– А, что ты думаешь, тебе одному, что ли можно?– из-под очков озорно, посмотрел на него бывший наставник.
– Да, нет. Просто я никогда не видел тебя пьяным или выпившим.
– Что и не удивительно совсем! Ведь это было в дни моей бурной молодости.– Глаза Старика мечтательно закатились вверх, вспоминая о днях давно минувших.
Нойс тем временем потянулся к глиняному кувшину. Его горлышко было запечатано восковой печатью. Сорвав её, он принюхался. Темная жидкость пахла свежевыпеченным ржаным хлебом.
– Подожди пить.– Предостерёг его бывший наставник, протягивая руку, чтобы забрать кувшин себе.– Вот, так,– сказал, он, через пару-тройку мгновений накапав в него из своего тоненького пузырька несколько капель изумрудной жидкости.– Теперь можно пить, на бери, протянул он обратно сосуд своему подопечному.
– Что ты туда добавил?– не спешил осторожный всегда наемник брать его.
– Ничего, что принесло бы тебе вред.– Заверил его Старик.– Я добавил туда немного усилителя выносливости, тебе понадобятся силы.
С этим утверждением Фрэнос не стал спорить, признавая полную его правоту. Сделав пробный глоток, он ощутил приятный ароматный вкус.– Недурственно, похвалил он напиток, и уже приложился, как следует к нему. Незаметно для самого себя Фред в один присест опустошил кувшин, а это было никак не меньше пол галлона.

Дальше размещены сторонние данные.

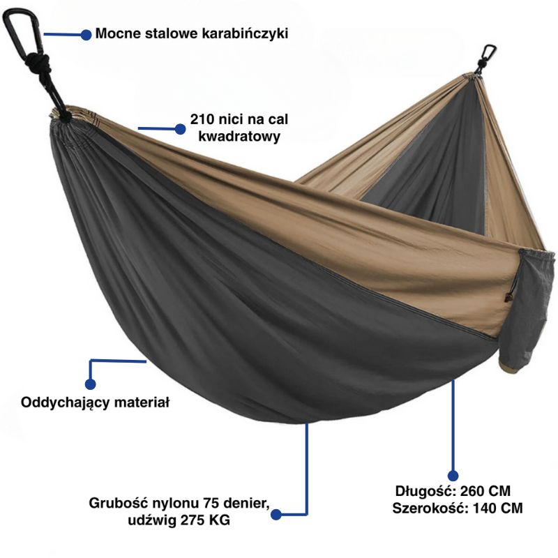 - Lekki i trwały: Wykonany z wysokiej jakości tkaniny spadochronowej, hamak jest jednocześnie lekki, mocny i odporny na zużycie.

– Давай-давай,– подбадривал его Старик, допевай всё без остатка.
– Совсем забыл тебе сказать,– отрываясь от пустого сосуда, произнёс наёмник, – знаешь, кого я недавно встретил?
– И кого же?
– Санчоса пройдоху! Он приехал в Пьянтуз.
– Любопытно. Давно я не видел этого весельчака. Для чего приехал не говорил?– подперев рукой, подбородок невинно осведомился бывший наставник, в том числе и Санчоса.
– На торжество. Ещё собирался к тебе заглянуть. Испортил я сюрприз ему, надо было не говорить тебе о нём.– Запоздало пожалел Фред.
– Ничего, ты же знаешь, я не люблю сюрпризов. Но мне, конечно, весьма любопытно знать всё же для чего на самом деле, после такого продолжительного отсутствия он решил вернуться?
– Ты думаешь, у него имеется здесь заказ какой?– призадумался Фрэнос, поймав себя на мысли, что уже в каждом видит для себя потенциального конкурента на обладание статуэтки.
– Кто его знает, всё может быть, всё может быть… неопределённо пожав плечами Старик, пребывая сейчас в собственных мыслях.
– Как бы там ни было, мне он не сказал, может тебе скажет.
Нойс почувствовал, как волны свежести накатывают на него, голова перестаёт разламываться, словно внутрь её накидали углей, а затем затушили водой. Он не мог не отметить моментального воздействия на организм зелья. Каждая клеточка его организма, казалось, очистилась от тяжёлых токсинов скрутиловки. Он оживал на глазах, что не укрылось и от бывшего наставника.
– Что полегчало?– заметил, тот, глядя изучающе как лекарь на своего пациента.
– Да, и ощутимо. Спасибо тебе благородный синор Корвин.– Пошутил наёмник, подражая Клопи, что свидетельствовало о явном улучшении его самочувствия.
– Перестань кривляться,– отмахнулся Старик.– Ты с другого поколения, так что и веди себя соответственно.
– Эх, где мои года, куда ушли они?– весело воскликнул Фред, преобразившись на глазах.– Какие стимуляторы ты туда набросал?
– Не переживай они безвредные. Лучше озаботься, как ты станешь добывать статуэтку сегодня.– Не стал раскрывать свои секреты бывший наставник, впрочем, вполне ожидаемо.
– Да, стану непременно.– Специалист по сугубо деликатным вопросам уверенно поднялся на ноги. – Сегодня славным обещает быть денёк!– подытожил оптимистично разговор он.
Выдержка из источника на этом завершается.